Evaluation of Sphingomonas paucimobilis as an emerging nosocomial pathogen in a teaching hospital in Uttarakhand.

BACKGROUND AND OBJECTIVES: Sphingomonas paucimobilis is an opportunistic pathogen and was rarely encountered in clinical specimens previously. This study aimed to investigate the clinical features, associated co-morbidities, and antimicrobial susceptibility patterns of S. paucimobilis infection in a tertiary hospital in Uttarakhand.
MATERIALS AND METHODS: S. paucimobilis isolates cultured from various sections of hospital and OPDs were identified and analyzed for their antibiograms in the microbiology laboratory for a duration of one year from January 2020 to December 2020.
RESULTS: S. paucimobilis was isolated from 49 samples (0.01%) out of 3792 samples processed in VITEK 2 Compact automated ID/AST instrument. The maximum number of isolates were obtained from urine samples (31%), followed by blood (24%). Septicemia (41%), meningitis (17%), lower respiratory tract infections and ventilator associated pneumonia (14%) constituted a major portion of infections caused by this organism. Diabetes mellitus (22%) and steroid usage (16%) were major associated co-morbid conditions. Third and Fourth generation cephalosporins like ceftriaxone (81%) and cefepime (86%) were found to be the most susceptible drugs whereas 61% of isolates were resistant to colistin.
CONCLUSION: This organism is an up-and-coming pathogen and should not be simply labeled as a contaminant. Although the organism is not grossly virulent and still might not be associated with serious life-threatening infections; however their evolving resistance patterns and increased spectrum of infections should be seriously taken into account.

INTRODUCTION

Sphingomonas paucimobilis, an emergent pathogenic bacterium is aerobic, motile, non-fermenting Gram-negative bacilli. It is being implicated as growing cause of health care associated infections in hospitals in recent years (1). It is catalase and oxidase-positive and also exhibits the production of a yellow pigment (2). The organism is present everywhere and has been isolated from natural environmental conditions like seawater, sea ice, river water, wastewater, mineral water, and soil. It has a peerless sphingoglycolipid in the cell wall and lacks the lipopolysaccharide constituent in conjunction with its endotoxin activity. This could be the explanation for the low virulence of this organism (3). In fact, this organism can propagate in hemodialysis devices, nebulizers, ventilators, sterile drug solutions and distilled water (4). Both nosocomial and community-acquired infections can be caused by this organism; which were sparse previously but now their occurrence, particularly in hospital environment has augmented (2). Blood, sputum, urine, wound, bile, cerebrospinal fluid, vagina, and cervix infections have been reported by this organism (5). Sphingomonas has plethora of resistant phenotypes, contributing to resistance to many antimicrobial agents tested. Individualized and appropriate antimicrobial therapy may need to be given to every patient (6). S. paucimobilis usually shows susceptibility to carbapenems, aminoglycosides, trimethoprim-sulfamethoxazole, and piperacillin/tazobactam whereas resistant patterns are majorly reported for penicillins and first-generation cephalosporins (7).

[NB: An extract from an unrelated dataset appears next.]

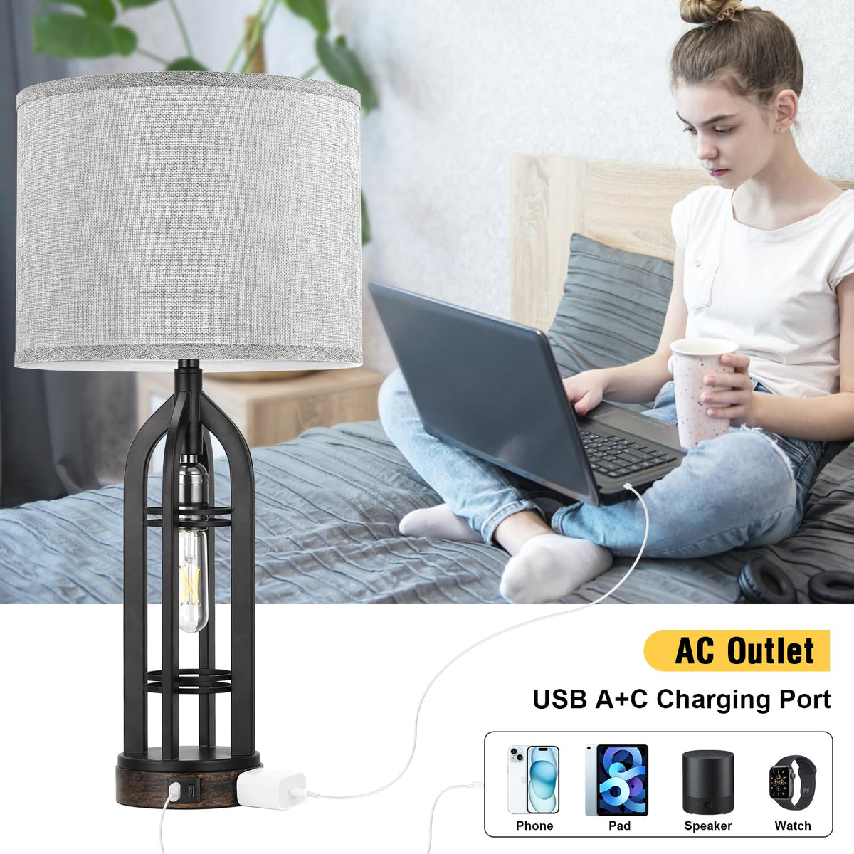 Seealle Table Lamp For Living Room Set Of 2 - Bedside Lamp For Bedroom With Usb C+A & Outlet, Farmhouse Lamps For Night Stands,

Till recent times S. paucimobilis was seldom encountered in the clinical milieu especially in immunocompromised patients and those with co-morbidities, however now there are many case reports to support the mounting body of evidence that this may be a budding infectious pathogen creditable of further probe and investigation (8). It is an emerging pathogen that should be dealt with cautiously (8, 9).

Thus, the current study aims to observe the clinical features of patients with S. paucimobilis infections and the antimicrobial susceptibility pattern of the isolated strains among the hospitalized patients in a tertiary health care institute for a duration of one year.

MATERIALS AND METHODS

A prospective study was conducted in the Department of Microbiology, Shri Guru Ram Rai Institute of Medical and Health Sciences; a tertiary care teaching hospital from January 2020 to December 2020. A study protocol was designed, written consent was taken from all the study participants, and approval was sought by the ethical and research committee of the institution.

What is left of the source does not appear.